Volume 42, Issue 6 - June 2007

GANA Perspectives
300 and Beyond …
Who We Were and Where We are Going
by Stanley L. Smith

When I began with the Glass Association of North America (GANA) during the fall of 2000, the association had 157 members, five divisions and a handful of moderately attended meetings, conferences and events. In the past few weeks, our membership surpassed 300 members, a legacy to our board of directors. They chose to look at who our organization is, what we represent and how we go about working on behalf of our industry. 

Strategic Thinking 
Several years ago, under the leadership of then GANA president Bill Knutsen of Viracon, the board of directors committed to conducting a strategic analysis of our organization. The exercise took several days of meetings at various locations, and included a revision of GANA’s vision and mission statements, creation of values and objectives for the association, as well as a hard look at everything the organization stood for and should represent in the future. Many of you may recall that GANA took on a new look, with not only these revisions, but also with changes in our structure. 

Over the years we have grown from five divisions to seven (eliminating one, the distribution division, that didn’t foster a great deal of support), while generating a significant amount of interest and enthusiasm in those that we currently maintain. We listened to input from members about grouping meetings together where that consolidation made sense, and we have concentrated on providing the most useful information and professional presenters in those meetings we host. Additionally, knowing that marketing and communication among members is critical, we attempted to provide those opportunities wherever and whenever possible when scheduling activities sponsored by GANA. 

Moving Forward
I am pleased with the success we experienced because of the direction taken by the GANA board of directors. A prime example is the renewed interest in each of our seven divisions, especially following the creation of the flat glass manufacturing division, the insulating division and the recently created (and incredibly active) decorative division. Not only have we seen greater participation in divisional activities, but have also seen “on the point” technical discussions about improving industry processes. 

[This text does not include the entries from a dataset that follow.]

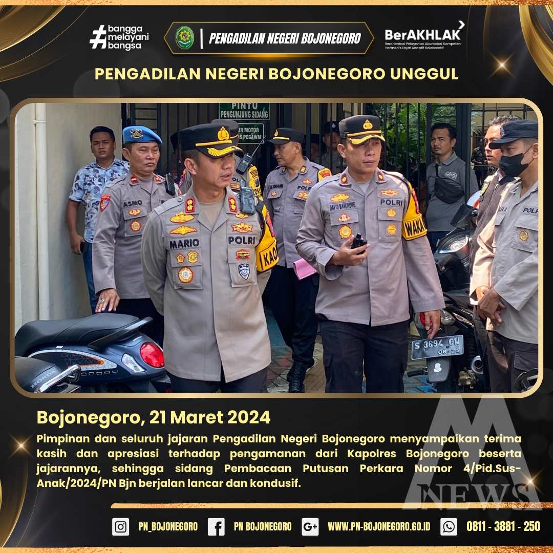 Meganews.co.id, Bojonegoro – Ketua Pengadilan Negeri (PN) Bojonegoro, Dr. Wisnu Widiastuti, S.H., M.Hum., mengapresiasi kepada Polres Bojonegoro dalam pengamanan pembacaan putusan sidang perkara Nomor : 4/Pid.Sus/2024/PN Bjn di PN Bojonegoro.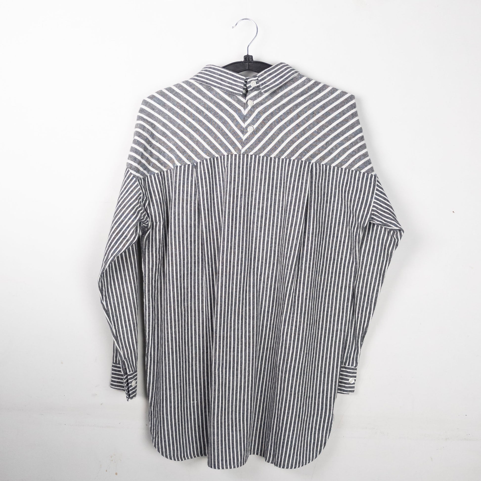 This stylish button-down shirt features a classic striped pattern, perfect for adding a touch of sophistication to any outfit. The shirt has a unique front and back collar button style,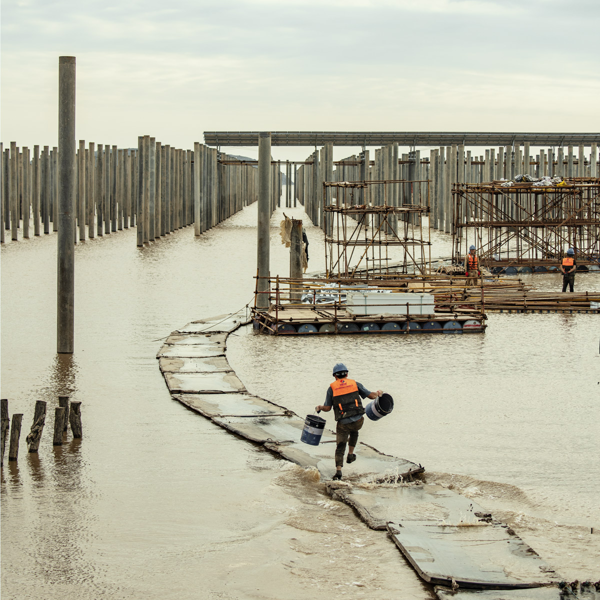作品介紹: 本人能注意選擇即將來(lái)臨的題材,拍攝于2023年11月6日下午,拍攝地點(diǎn)松門(mén)鎮(zhèn)木耳村外海,利用特定的場(chǎng)景(在松門(mén)鎮(zhèn)木耳村外海建造光伏發(fā)電現(xiàn)場(chǎng))、特殊的人物(外來(lái)打工者小年輕),在漲潮來(lái)時(shí),提著桶,小跑步在軟體浮板上,抓緊工作,促成更好地完成今天預(yù)定的工作。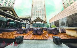 在帝都的CBD,落座于银泰中心IN01座6层的天台,会有种时光穿梭的感觉。因为这里被打造成了古色古香的宋代风格,放眼望去复古的亭台楼阁与周边的高楼大厦形成强烈对比,而这也是北京现代CBD楼宇中唯一的宋代风格仿古式空中庭院,不少在CBD工作的金领和商务人士都非常喜欢在下班之后来这里喝一杯,放松一下因紧张工作而绷紧的神经。
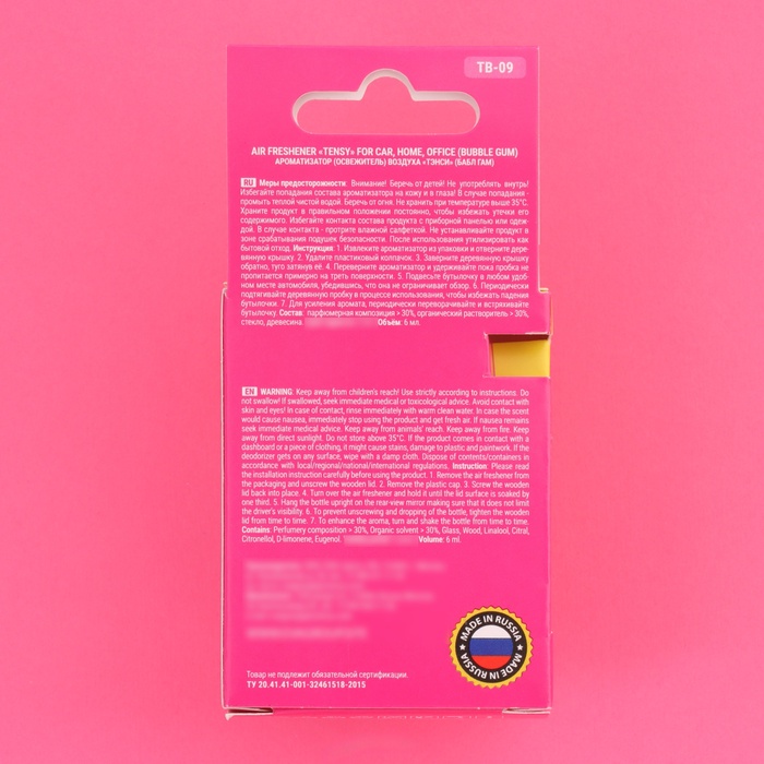 «Бабл Гам» - это аромат всеми любимой с детства вкусной и сладкой жвачки, который никого не оставит равнодушным. Благодаря массивной деревянной крышке из натурального бука аромат плавнее и дольше передается в салоне, эффективно устраняя неприятные запахи. Для усиления аромата периодически переворачивайте флакон в закрытом состоянии и слегка пропитывайте крышку ароматической жидкостью.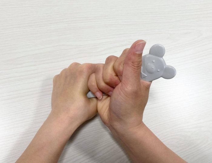 人差し指と親指の骨が交差する辺りにあるツボ<合谷(ごうこく)>を良い感じに押してくれたり、

Collaborative efforts between membership and GANA staff have produced or revised four of the seven industry manuals we offer, three test methods, 13 glass information bulletins (a dozen of which followed GANA’s 2003 strategic assessment), a revision to the Blueprint Reading and Labor Estimating Course and a DVD called “How Mirrors are Made.” Other documents include Mirrors: Handle With Extreme Care and The Specifiers Guide to Architectural Glass. In addition to our educational seminars and conferences, the flat glass manufacturing division produced a video titled “How Float Glass is Made,” along with an accompanying AIA-accredited presentation available to architects in a “lunch and learn” format, as well as an article that has been distributed to tens of thousands of architects.

Certainly, GANA is not the only trade association or organization that is influential in the industry. For us, it has been a significant objective to ensure collaboration and involvement with many groups that help meet our vision, mission and objectives. Along with this involvement and participation in appropriate activities, we strive to provide facts and information that we believe strengthens our membership and the industry.

Recently, I notified the board of directors that I will be leaving this post effective March 1, 2008. As I reach the twilight of my career with GANA, I cannot say enough about the highly professional, capable and enthusiastic staff that serve the interests of our great organization. Similarly, I can honestly say that the membership in GANA cannot be matched by any other organization, anywhere, any time. Those who are not members should be … and should participate in efforts to effectively shape the industry. I wish the absolute best for the organization, and trust that under new leadership the success will continue at an even more accelerated rate. 

The Author: Stanley L. Smith is the executive director for the Glass Association of North America in Topeka, Kan. Mr. Smith’s opinions are solely his own and not necessarily those of this magazine.